It’s a fantasy that every sports fan harbors: the ability to text message his or her favorite athlete during game time and maybe even provide a few tips (Hey LeBron! Stop hesitating when you drive to the basket from your left). At the rate of change in technology, the scenario may not that be that far off.
Jimmy Pitaro, VP-GM, Sports and Entertainment at Yahoo, said having fans communicate electronically with players is something Yahoo would certainly consider. For now, though, he’s taking pains to convince major sports leagues that streaming their content (live games) on Yahoo Sports is not “cannibalistic, but complimentary,” Pitaro said.
I recently spoke with Pitaro at paidcontent.org’s EconSports (The Economics of Digital Sports Media), which was coupled on the same day with EconWomen (The Economics of Women-Centric Digital Media). The overriding theme of both events was how media companies, advertising agencies and their clients can weather the economic storm and what media players can do to help inoculate their brands against the ongoing erosion in ad spending (both online and off).

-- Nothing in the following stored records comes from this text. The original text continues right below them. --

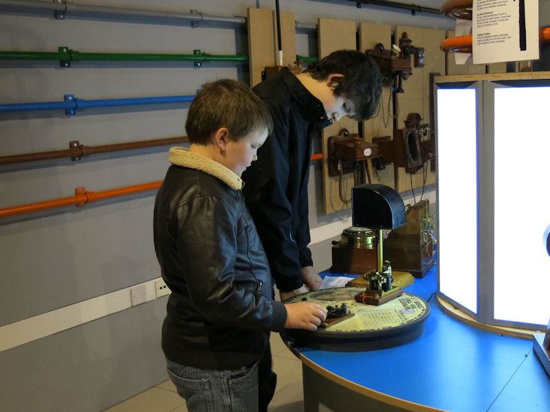 There's more telegraph equipment. Here a visitor tries his hand at sending Morse code. In the background is the Wheatstone ABC telegraph which can be worked by visitors. |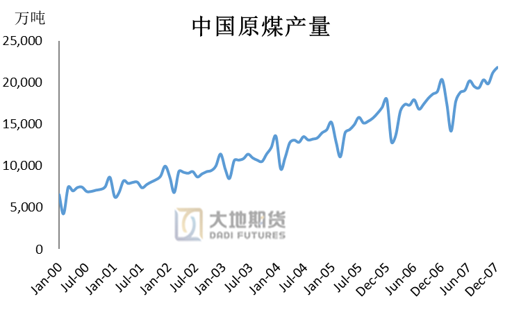 数据来源:大地期货研究院 01历史复盘 1、2000–2007年:经济迅猛发展下的煤炭牛市 2001年中国正式加入世界贸易组织(WTO)后,工业化、城市化进程的快速发展导致电力等行业对煤炭的需求爆发式的增长,成为推动煤炭价格上涨最坚实的力量。在这一时期,动力煤价格一路上涨,秦皇岛港Q5500动力煤价格从2000年的129元/吨,一路攀升至2007年的330元/吨,涨幅超155%,到了2008年,动力煤现货价格更是一度突破1100元/吨的高位。在需求的强力刺激下,煤炭产能也在快速扩张。但前期煤炭行业粗放式的管理模式导致煤矿在利益的驱使下盲目投产,虽然短期内增加了煤炭的供应量,却导致行业集中度极低,市场竞争无序,价格秩序混乱不堪,严重影响了煤炭行业的健康发展。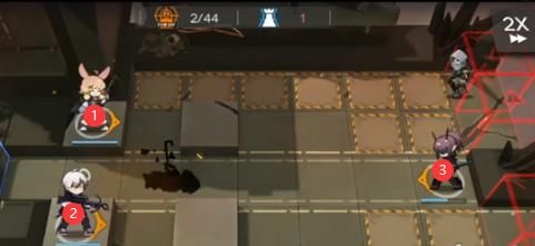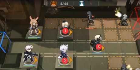 开局如下图所示按照克洛丝 → 安德切尔 → 夜刀的顺序摆放,狙击都朝右,夜刀用来抗一下前期炮兵的伤害,在要被打死前撤退回费。

Pitaro, who spoke at a panel titled, ‘Online Video: Live-Streaming Lessons Learned & Looking Ahead,’ told me about how Yahoo assesses which sports (beyond the big four) have the most potential for streaming video and the demographics that are driving Yahoo’s overall strategy in the sports arena.
I also chatted with Joni Evans, CEO and cofounder of wowOwow, which caters to women, about the so-called ‘Silver Tsunami’ online that advertisers ignore at their own peril, and Dan Lagani, president of the Fairchild Fashion Group (DNR, Footwear News, WWD and their Web sites) about how Fairchild’s brands are faring in a multi-platform world.
Not the least, I interviewed Terence Kawaja, managing director of investment banking firm GCA Savvian, who specializes in digital media. In yet another twist on the classic Who tune, “Won’t Get Fooled Again” (meet the new boss, same as the old boss), Kawaja said strategic media companies may for the forseeable future fuel media deals (and acquire new-media properties) because private equity companies have much more exposure to (depressed) credit markets. Score one for tradition.